Additionally, he noted that the crop averaged 28.9 tons per acre with 17.23 percent sugar content. “This is above average,” said the ag manager, “and is being considered as an excellent year.” Therefore, the overall picture looks great, he indicated.
The plant employs 50 full-time workers and some 67 part-timers from the Big Horn Basin, many of whom are rehired year after year, during each year’s processing campaign. “We expect no major changes in our business operations next year,” Jobman said, either in harvesting or processing. And it does not appear that there is a need for any major alterations to the facility or the equipment used.
The plant runs with three shifts for a 24/7 operation to slice approximately 3,000 tons of beets daily.
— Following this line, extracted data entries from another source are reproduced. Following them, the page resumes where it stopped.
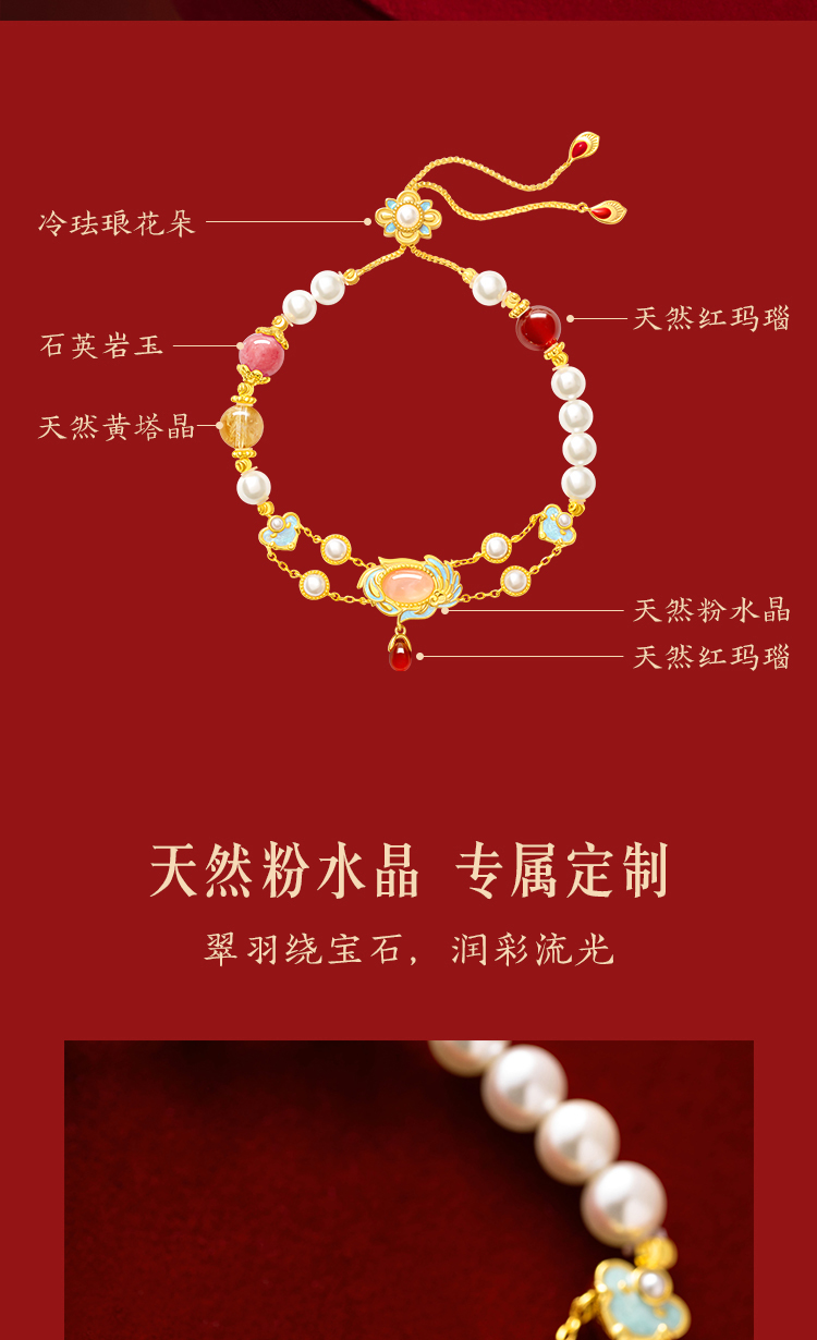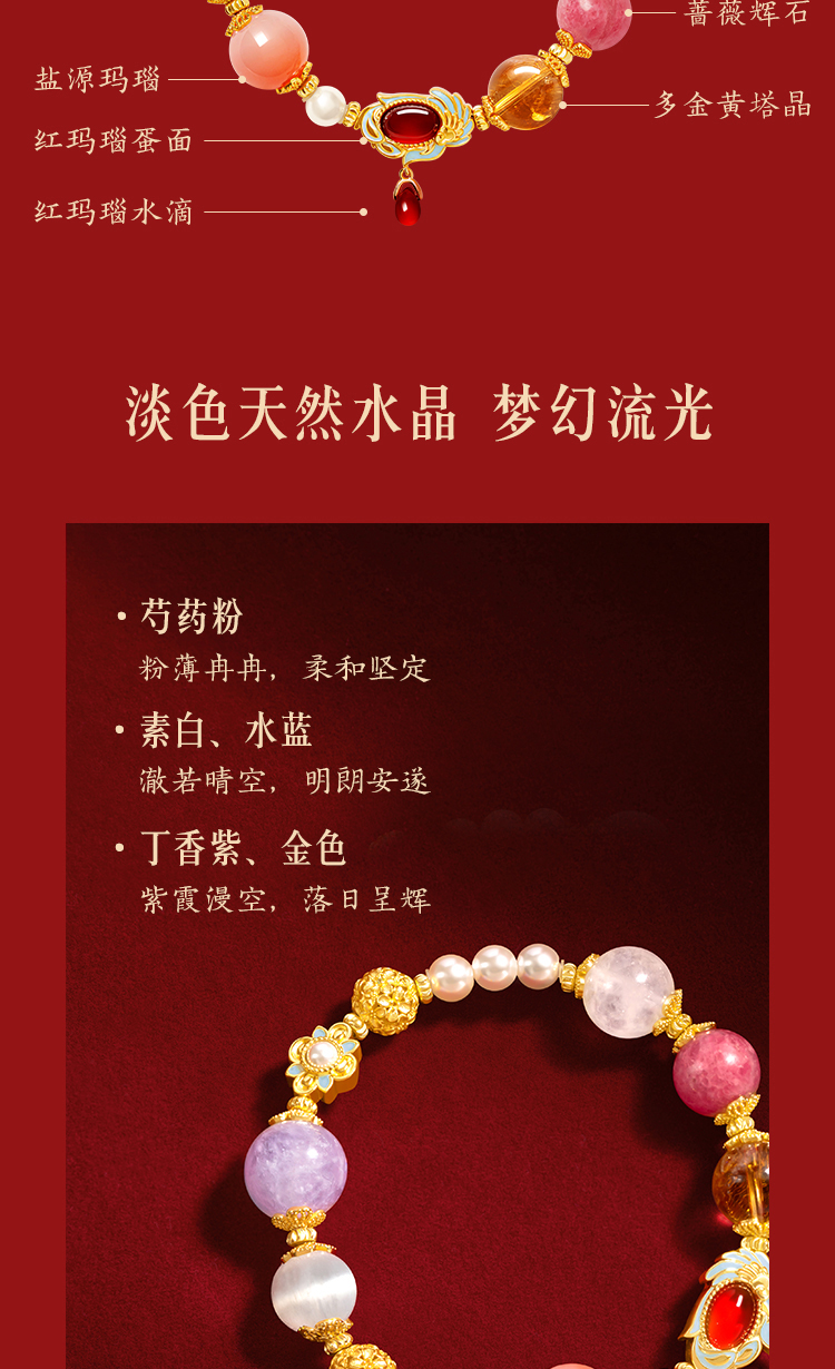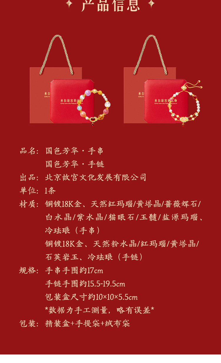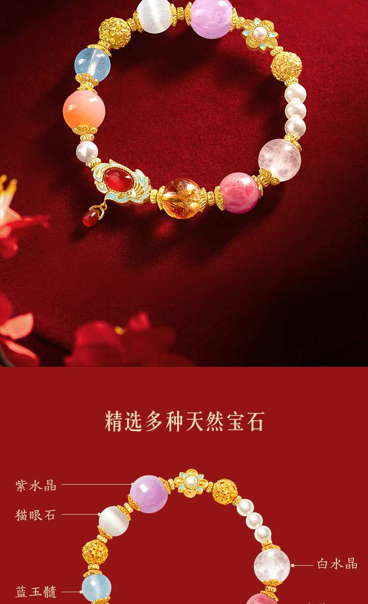 【故宫饰品】国色芳华多宝水晶手串文创手链新年本命年生日礼物女生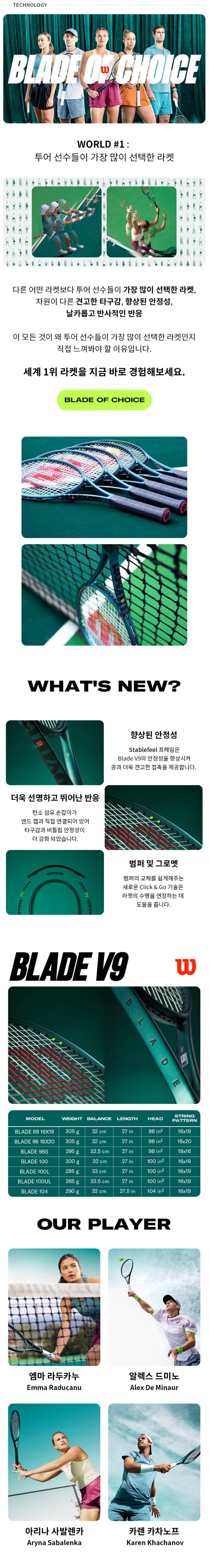 윌슨 2024 블레이드 100 V9 300g 16x19 테니스라켓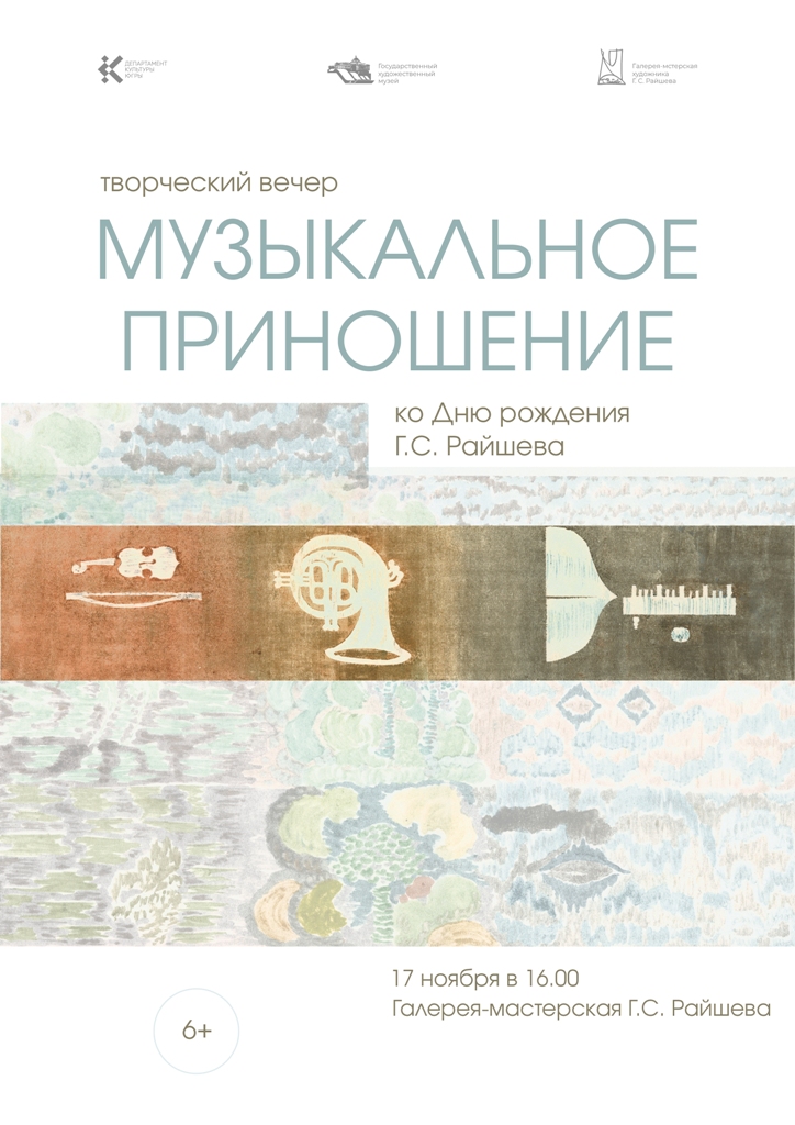 17 ноября в 16.00 в Галерее-мастерской художника Г.С. Райшева, филиале Государственного художественного музея состоится творческий вечер «Музыкальное приношение» ко Дню рождения заслуженного художника России Геннадия Степановича Райшева.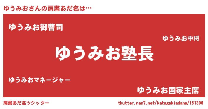 | 意味不明あだ名 | 『とにかく怪しいゆうみお』 |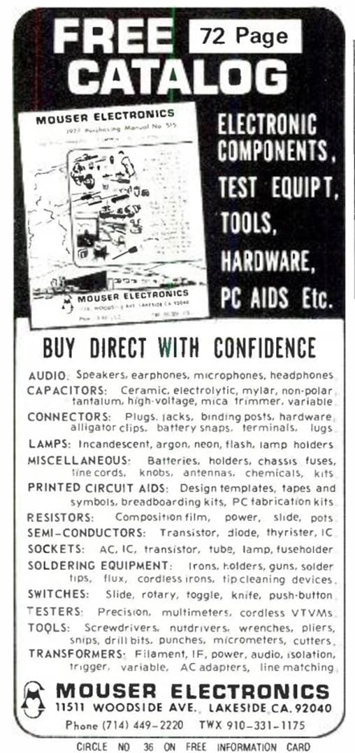 Mouser Ads from Popular Electronics, 1977 and 1982. Click to view.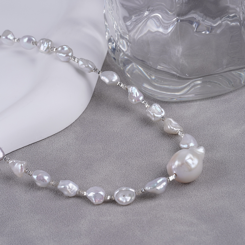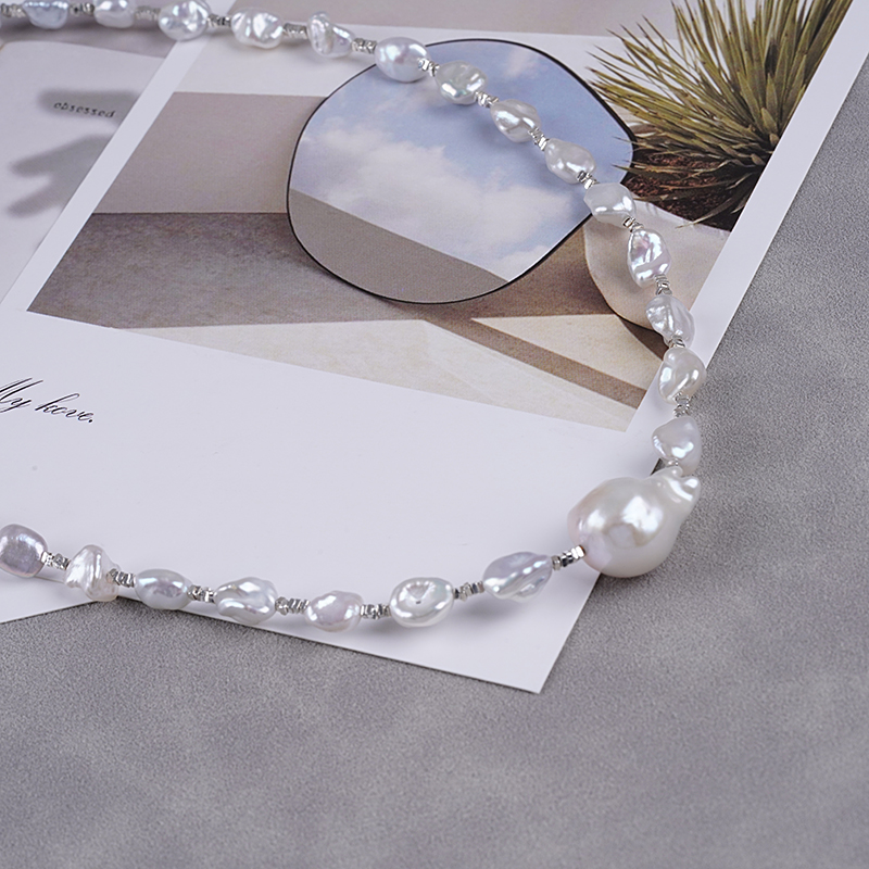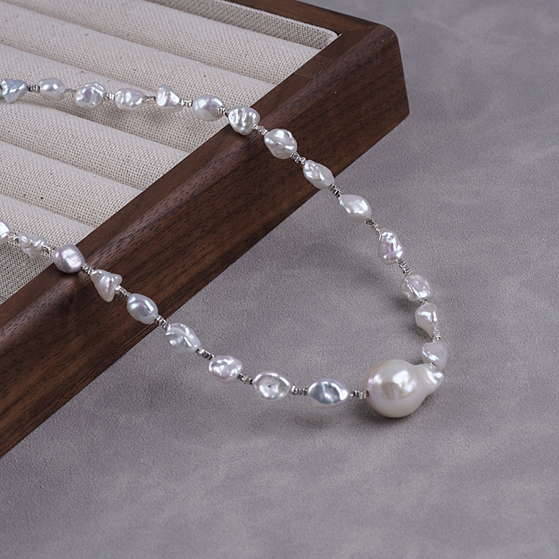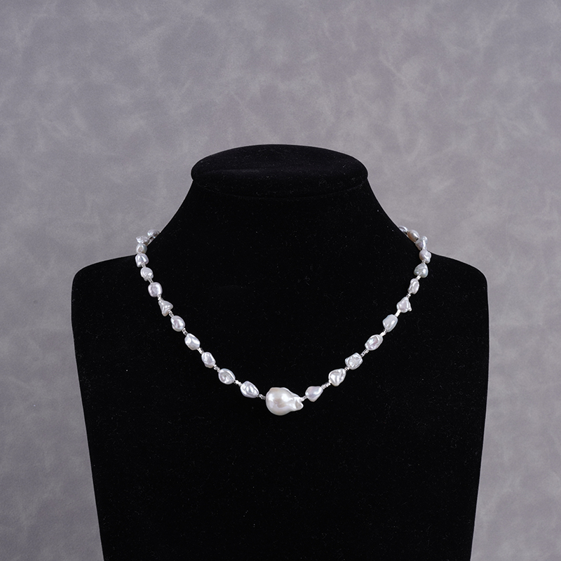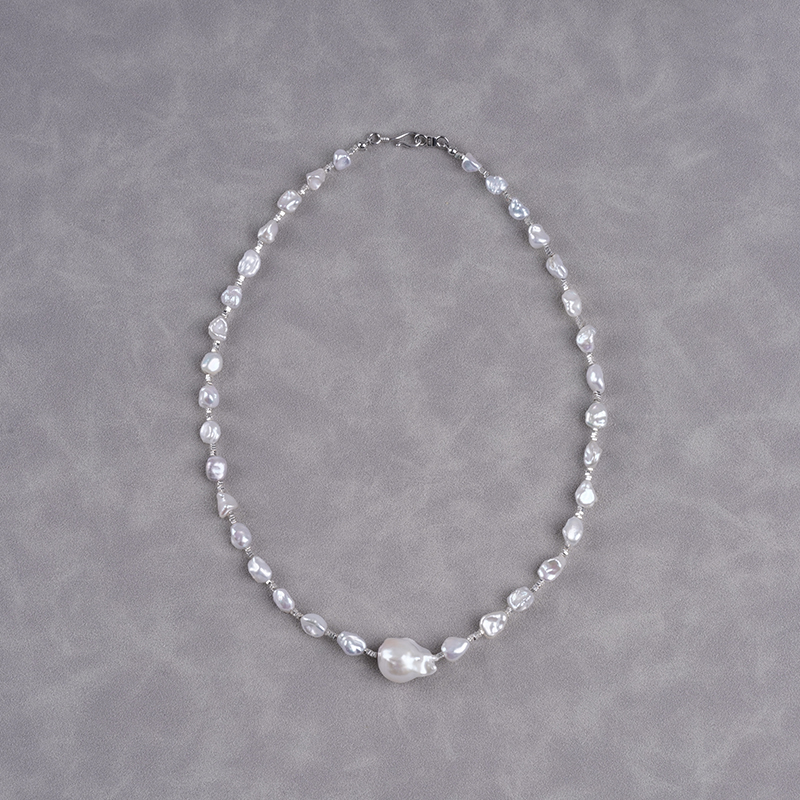 ナチュラルバロック不規則ペンダント真珠ネックレス ライトラグジュアリーデザイン ケシ真珠 ネックチェーン ロックボーンチェーン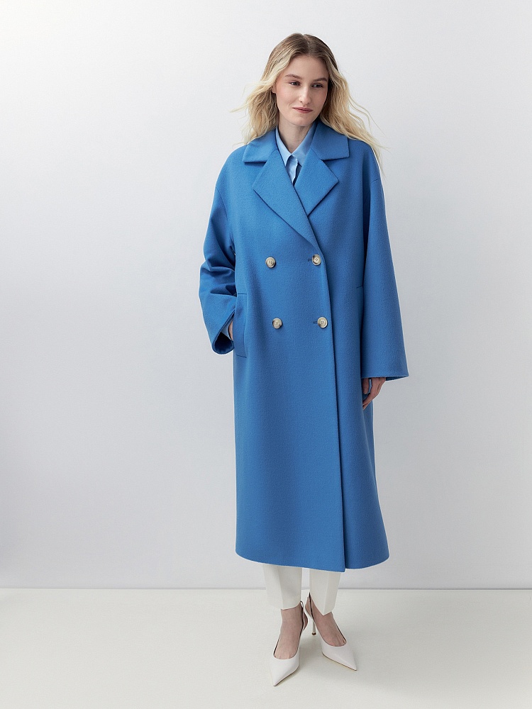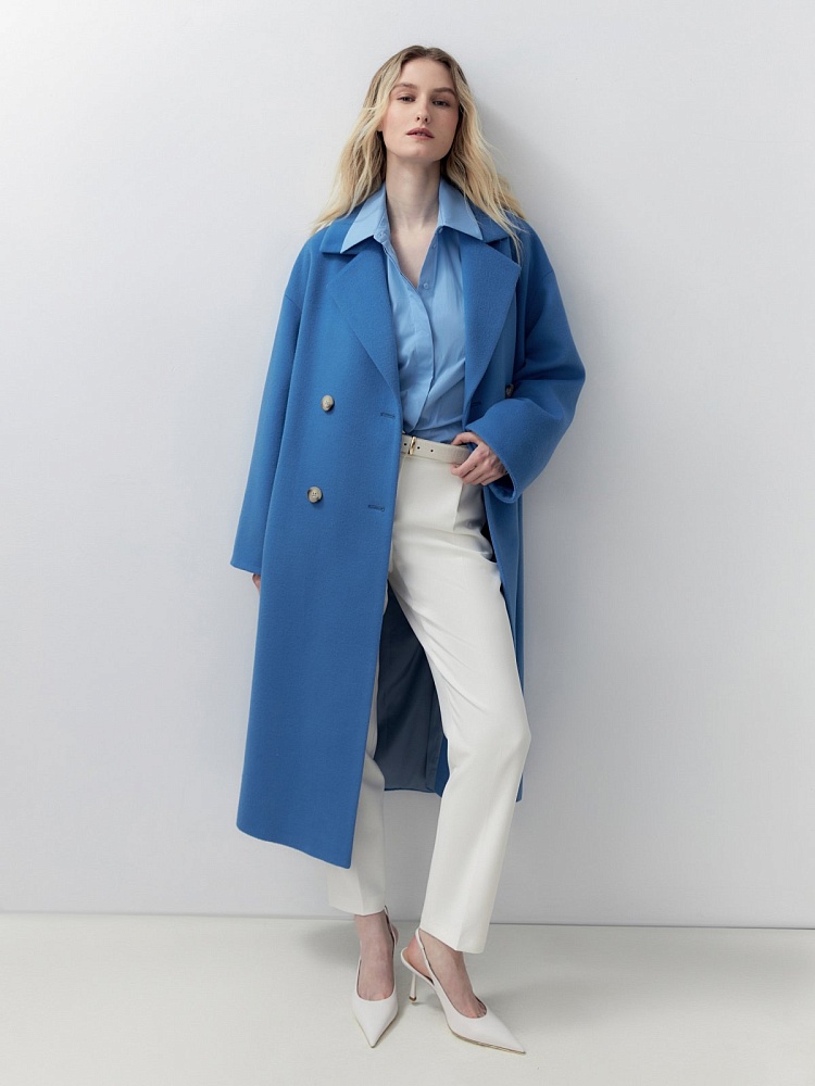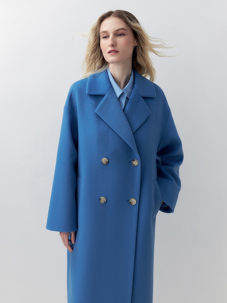 Двубортное пальто прямого силуэта из пальтовой ворсовой ткани в ярком весеннем васильковом цвете.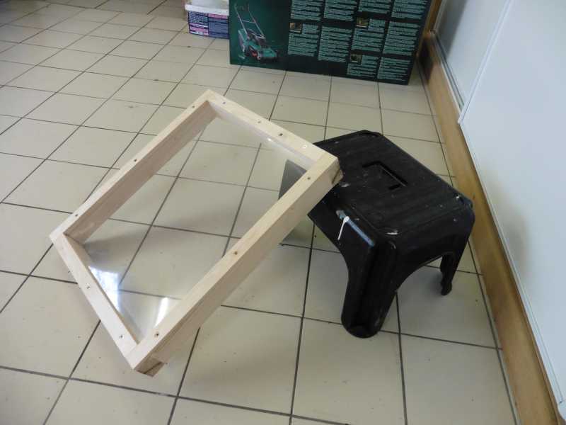 J’ai d’abord fabriqué un cadre avec un tasseau de 50×30, et fixé la feuille de plexy avec un autre de 10×30.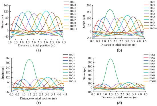 When a crack occurs at the sensor location, the strain peak monitored by the sensor will increase significantly, resulting in a significantly outwardly expanding strain curve, which increases the strain curve envelope area, as shown in Figure 3d. The strain curve envelope area of the sensors adjacent to the crack location will be slightly affected, and the curve envelope area of each sensor location can be constructed as a series after the crack appears.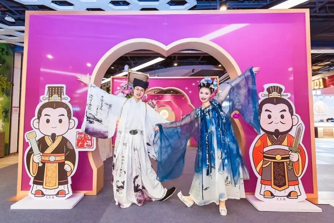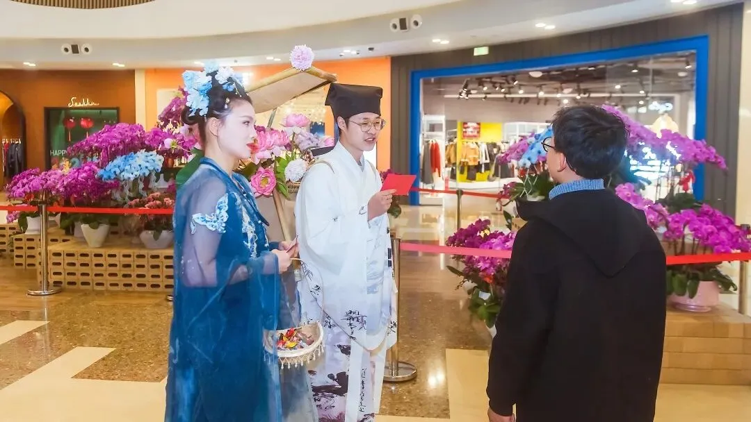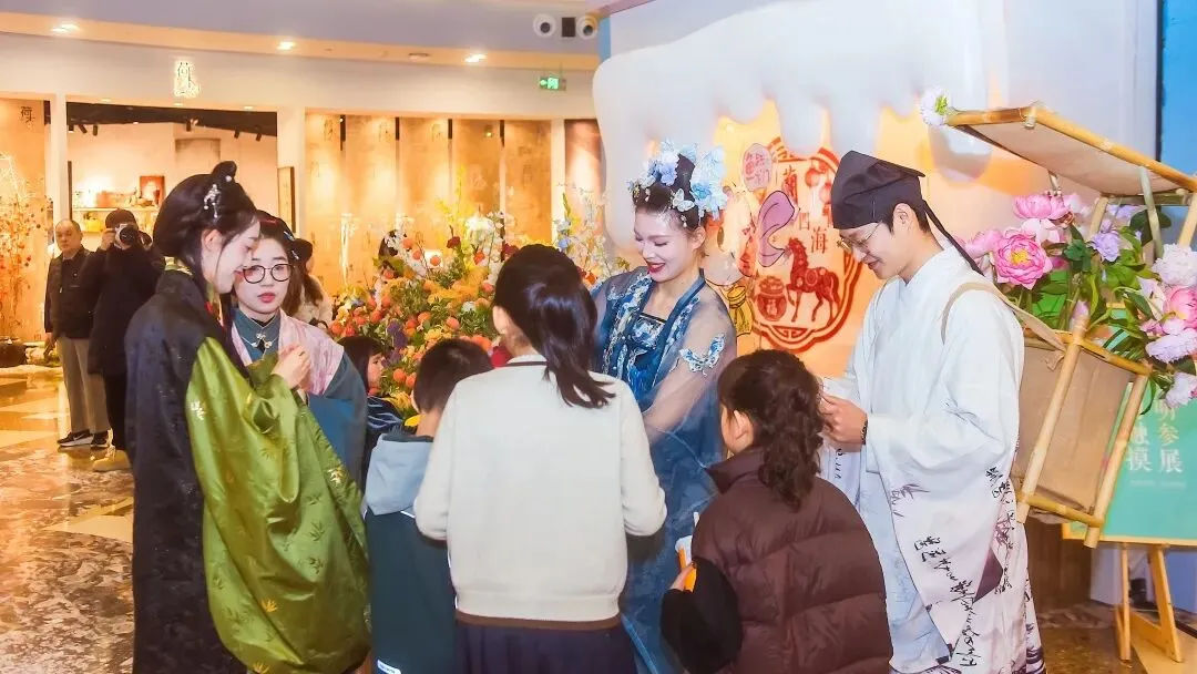 三楼“兰雅连廊”精品区,国风NPC互动巡游刚巧经过:身着汉服的“兰花仙子”提着花灯款款而行,挑着扁担的“卖货郎”吆喝着“兰花文创,新春特惠”,瞬间把现场氛围拉满。“刚才和‘卖货郎’对了句兰花诗,还赢了个兰花香囊!”大学生小苏晃着手里的奖品,脸上满是笑意,“这种沉浸式互动,比单纯看展有意思多了。”

The crop comes from at least 18,000 acres of sugar beets grown by farmers in areas including Lovell, Cowley, Byron, Powell, Otto, Cody and Burlington.
Bentonite Performance Minerals LLC (BPM)
“We had a great year in 2011,” stated Alan Snyder, Lovell plant manager. “We had no recordable or lost time incidents in 2011,” he said, explaining that, “BPM received the Wyoming governor’s safety award for 2011, Industrial Minerals Association-North America (IMA-NA) national safety award, state mine inspector’s safety award and Mine Safety & Health Administration (MSHA) sentinels of safety award.
“Production levels were set very high in 2011,” he continued. “We had the second best year since the plant reopened in 1994.” Snyder also said that there currently are 79 employees, and that during 2011, “There were no major changes.”
Regarding the outlook for the new year, the manager commented, “Expectations have been set very high for 2012, which I am very confident that the plant will exceed.”
(Editor’s Note: Wyo-Ben Inc. and Georgia-Pacific Gypsum Corp. each were telephoned several times to be included in the preceding review, but did not respond.)